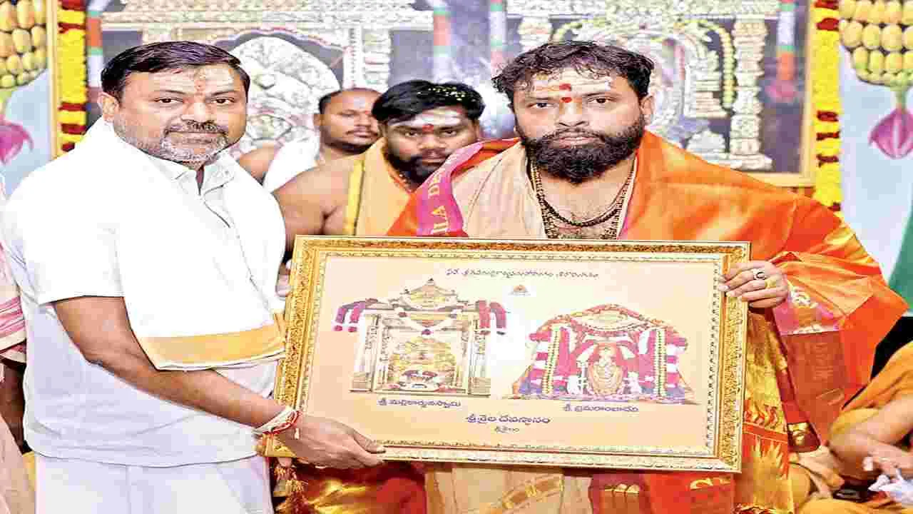 శ్రీశైలం, ఫిబ్రవరి 21 (ఆంధ్రజ్యోతి): భ్రమరాంబ మల్లికార్జున స్వామి అమ్మవార్లను రాష్ట్ర కార్మిక, కర్మాగార శాఖ మంత్రి వాసంశెట్టి సుభాష్ దర్శించుకున్నారు. శనివారం తెల్లవారుజామున ఆలయ ప్రధాన గోపురం వద్దకు చేరుకున్న వీరికి అర్చక వేదపండితులు తిలకధారణ చేయగా ఏఈవో వెంకటేశ్వరరావు ఆలయ మర్యాదలతో స్వాగతం పలికారు. స్వామి, అ్మవార్లకు ప్రత్యేక పూజలు నిర్వహించారు. అమ్మవారి ప్రాకార మండపంలో వేదపండితులు ఆశీర్వదించారు. తీర్థ ప్రసాదాలతోపాటు పరిమళ విభూది, శేషవస్త్రాలు, ఙ్ఞాపికతో పాటు క్షేత్ర విశేషాలను పొందుపరిచిన శ్రీశైలం కాఫీ టేబుల్ బుక్ను వారికి అందజేశారు.
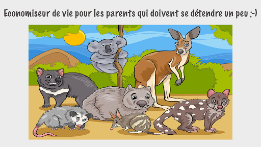 Notre application présente l'un des plus riches et des plus diversifiés choix de sons d'animaux sur le marché. Avec de multiples variations pour un même animal, votre enfant ou votre bébé peut entendre et apprendre la différence entre les variations d'un même animal.
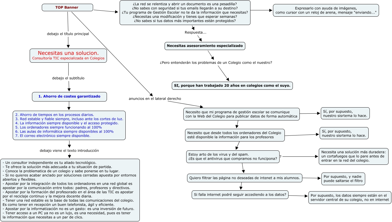 Este Cmap, tiene información relacionada con: Portada web Tusolucion.org, Quiero filtrar las página no deseadas de intenet a mis alumnos. ???? Si falla internet podré seguir accediendo a los datos?, Necesito que desde todos los ordenadores del Colegio esté disponible la información para los profesores ???? Estoy arto de los virus y del spam. ¿Es que el antivirus que compramos no funcipona?, Si falla internet podré seguir accediendo a los datos? ???? Por supuesto, los datos siempre están en el servidor central de su colegio, no en internet, Necesito que mi programa de gestión escolar se comunique con la Web del Colegio para publicar datos de forma automática ???? Sí, por supuesto, nuestro sisrtema lo hace., TOP Banner debajo el título principal Necesitas una solucion. Consultoría TIC especializada en Colegios, TOP Banner anuncios en el lateral derecho Necesito que mi programa de gestión escolar se comunique con la Web del Colegio para publicar datos de forma automática, Necesito que desde todos los ordenadores del Colegio esté disponible la información para los profesores ???? Sí, por supuesto, nuestro sisrtema lo hace., Necesitas asesoramiento especializado ¿Pero entenderán los problemas de un Colegio como el nuestro? SI, porque han trabajado 20 años en colegios como el suyo., Necesito que mi programa de gestión escolar se comunique con la Web del Colegio para publicar datos de forma automática ???? Necesito que desde todos los ordenadores del Colegio esté disponible la información para los profesores, 1. Ahorro de costes garantizado ???? 2. Ahorro de tiempos en los procesos diarios. 3. Red estable y fiable siempre, incluso ante los cortes de luz. 4. La información siempre disponible y el acceso protegido. 5. Los ordenadores siempre funcionando al 100% 6. Las aulas de informática siempre disponibles al 100% 7. El correo electrónico siempre disponible., Estoy arto de los virus y del spam. ¿Es que el antivirus que compramos no funcipona? ???? Quiero filtrar las página no deseadas de intenet a mis alumnos., TOP Banner ???? ¿La red se relentiza y abrir un documento es una pesadilla? ¿No sabes con seguridad si tus emails llegarán a su destino? ¿Tu programa de Gestión Escolar no te da la información que necesitas? ¿Necesitas una modificación y tienes que esperar semanas? ¿No sabes si tus datos más importantes están protegidos?, Estoy arto de los virus y del spam. ¿Es que el antivirus que compramos no funcipona? ???? Necesita una solución más duradera: un cortafuegos que lo pare antes de entrar en la red del colegio., ¿La red se relentiza y abrir un documento es una pesadilla? ¿No sabes con seguridad si tus emails llegarán a su destino? ¿Tu programa de Gestión Escolar no te da la información que necesitas? ¿Necesitas una modificación y tienes que esperar semanas? ¿No sabes si tus datos más importantes están protegidos? Respuesta... Necesitas asesoramiento especializado, Quiero filtrar las página no deseadas de intenet a mis alumnos. ???? Por supuesto, y nadie puede saltarse el filtro, 2. Ahorro de tiempos en los procesos diarios. 3. Red estable y fiable siempre, incluso ante los cortes de luz. 4. La información siempre disponible y el acceso protegido. 5. Los ordenadores siempre funcionando al 100% 6. Las aulas de informática siempre disponibles al 100% 7. El correo electrónico siempre disponible. debajo viene el texto introducción - Un consultor independiente es tu aliado tecnológico. - Te ofrece la solución más adecuada a tu situación de partida. - Conoce la problematica de un colegio y sabe ponerse en tu lugar. - Si no quieres acabar anclado por soluciones cerradas apuesta por entornos abiertos y flexibles. - Apostar por la integración de todos los ordenadores en una red global es apostar por la comunicación entre todos: padres, profesores y directivos. - Apostar por la formación del profesorado en el área de las TIC es apostar por el reciclaje continuo y la mejora docente diaria. - Tener una red estable es la base de todas las comunicaciones del colegio. Es como tener en recepción un buen telefonista, ágil y eficiente. - Apostar por la informatización no es un gasto: es una inversión de futuro. - Tener acceso a un PC ya no es un lujo, es una necesidad, pues es tener la información que necesitas a un par de clics., ¿La red se relentiza y abrir un documento es una pesadilla? ¿No sabes con seguridad si tus emails llegarán a su destino? ¿Tu programa de Gestión Escolar no te da la información que necesitas? ¿Necesitas una modificación y tienes que esperar semanas? ¿No sabes si tus datos más importantes están protegidos? ???? Expresarlo con ayuda de imágenes, como cursor con un reloj de arena, mensaje "enviando...", Necesitas una solucion. Consultoría TIC especializada en Colegios debajo el subtítulo 1. Ahorro de costes garantizado
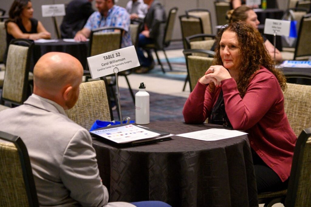 The 8-minute “speed dating for business” style meetings are face-to-face, and save you hours of time that would normally be spend in Zoom meetings or demonstrations during the work week. Following on Monday and Tuesday, you can visit with the exhibitors for further discussion and demonstration during Periop Networking & Innovation Hall hours.
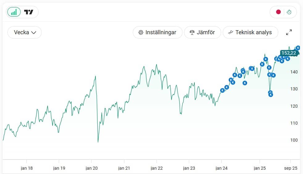Från 2017 fram till idag (8 år) så har den genomsnittliga årsmedelavkastningen varit 8,35% inklusive återinvesterad utdelning och inklusive avgift. Det är inte strålande, men ändå helt klart godkänt.
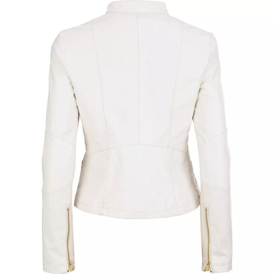 Nueva chaqueta de cuero blanca para mujer 100 % piel de cordero real motocicleta motociclista muy suave/ us

• WHAT IS NEEDED:
Quote, please, every line of the material above from its start through the line that has "Notre application présente", reproducing the words exactly and dropping any images.

• RESULT FOR THIS EXERCISE:
 శ్రీశైలం, ఫిబ్రవరి 21 (ఆంధ్రజ్యోతి): భ్రమరాంబ మల్లికార్జున స్వామి అమ్మవార్లను రాష్ట్ర కార్మిక, కర్మాగార శాఖ మంత్రి వాసంశెట్టి సుభాష్ దర్శించుకున్నారు. శనివారం తెల్లవారుజామున ఆలయ ప్రధాన గోపురం వద్దకు చేరుకున్న వీరికి అర్చక వేదపండితులు తిలకధారణ చేయగా ఏఈవో వెంకటేశ్వరరావు ఆలయ మర్యాదలతో స్వాగతం పలికారు. స్వామి, అ్మవార్లకు ప్రత్యేక పూజలు నిర్వహించారు. అమ్మవారి ప్రాకార మండపంలో వేదపండితులు ఆశీర్వదించారు. తీర్థ ప్రసాదాలతోపాటు పరిమళ విభూది, శేషవస్త్రాలు, ఙ్ఞాపికతో పాటు క్షేత్ర విశేషాలను పొందుపరిచిన శ్రీశైలం కాఫీ టేబుల్ బుక్ను వారికి అందజేశారు.
 Notre application présente l'un des plus riches et des plus diversifiés choix de sons d'animaux sur le marché. Avec de multiples variations pour un même animal, votre enfant ou votre bébé peut entendre et apprendre la différence entre les variations d'un même animal.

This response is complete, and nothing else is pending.